▶ [What you have to do]: All lines from the one holding "This cosplay holds" to the end of the listing are to be output exactly, both ends included, with any pictures left out.

▶ [Collected data]:
────────────────────

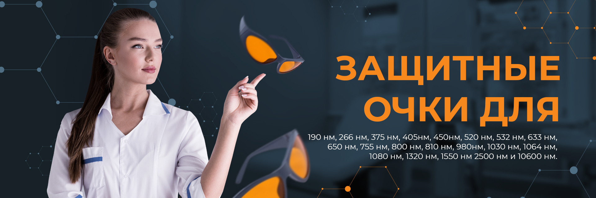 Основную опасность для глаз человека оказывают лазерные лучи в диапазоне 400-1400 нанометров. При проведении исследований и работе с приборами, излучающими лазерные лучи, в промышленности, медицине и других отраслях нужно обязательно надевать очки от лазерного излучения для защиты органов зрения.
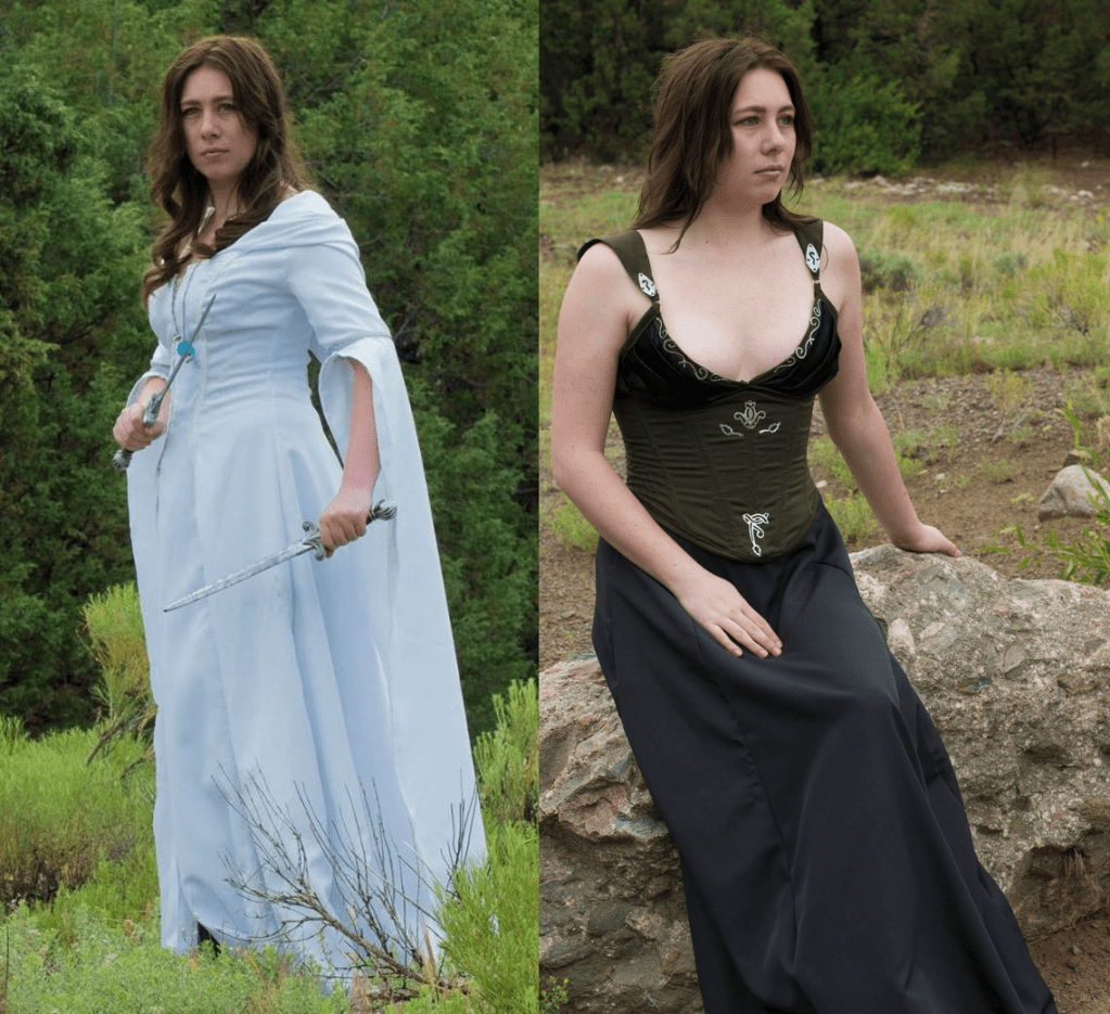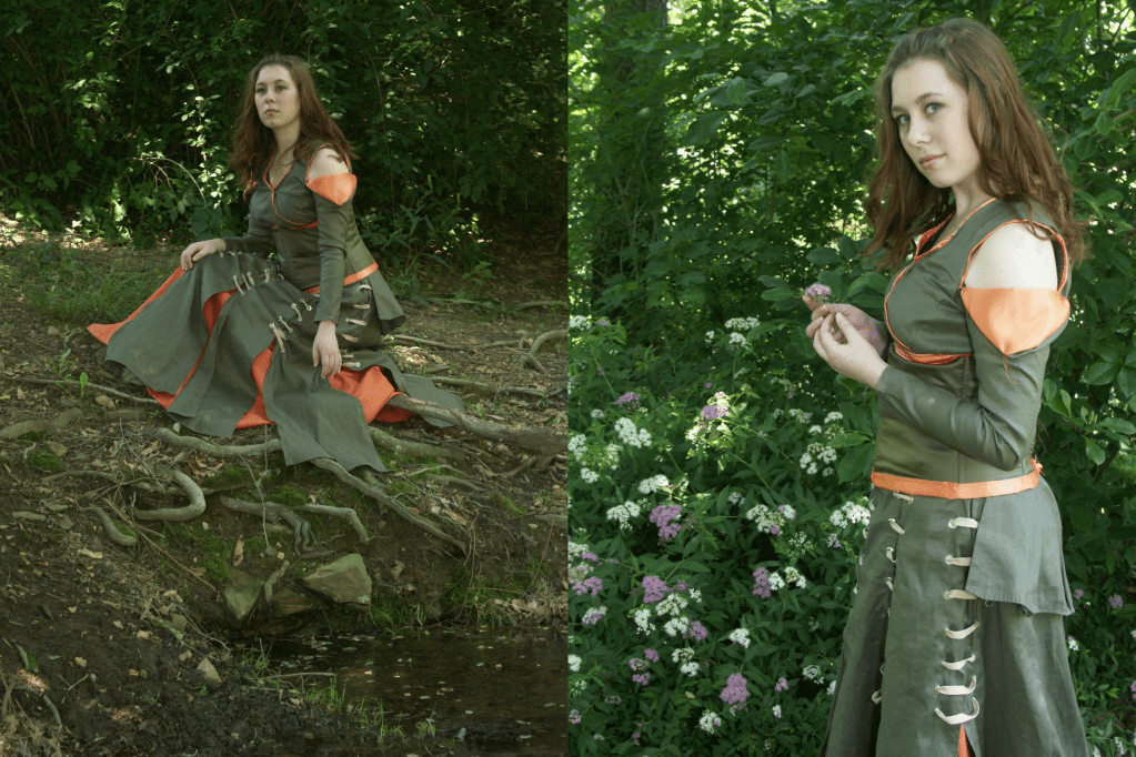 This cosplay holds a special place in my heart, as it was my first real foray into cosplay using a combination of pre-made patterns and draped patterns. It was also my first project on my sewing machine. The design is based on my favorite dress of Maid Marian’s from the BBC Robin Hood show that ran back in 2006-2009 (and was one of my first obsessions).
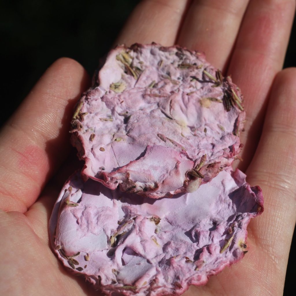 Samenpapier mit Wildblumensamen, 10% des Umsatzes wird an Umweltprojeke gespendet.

────────────────────

▶ [Reply to the exercise]:
 This cosplay holds a special place in my heart, as it was my first real foray into cosplay using a combination of pre-made patterns and draped patterns. It was also my first project on my sewing machine. The design is based on my favorite dress of Maid Marian’s from the BBC Robin Hood show that ran back in 2006-2009 (and was one of my first obsessions).
 Samenpapier mit Wildblumensamen, 10% des Umsatzes wird an Umweltprojeke gespendet.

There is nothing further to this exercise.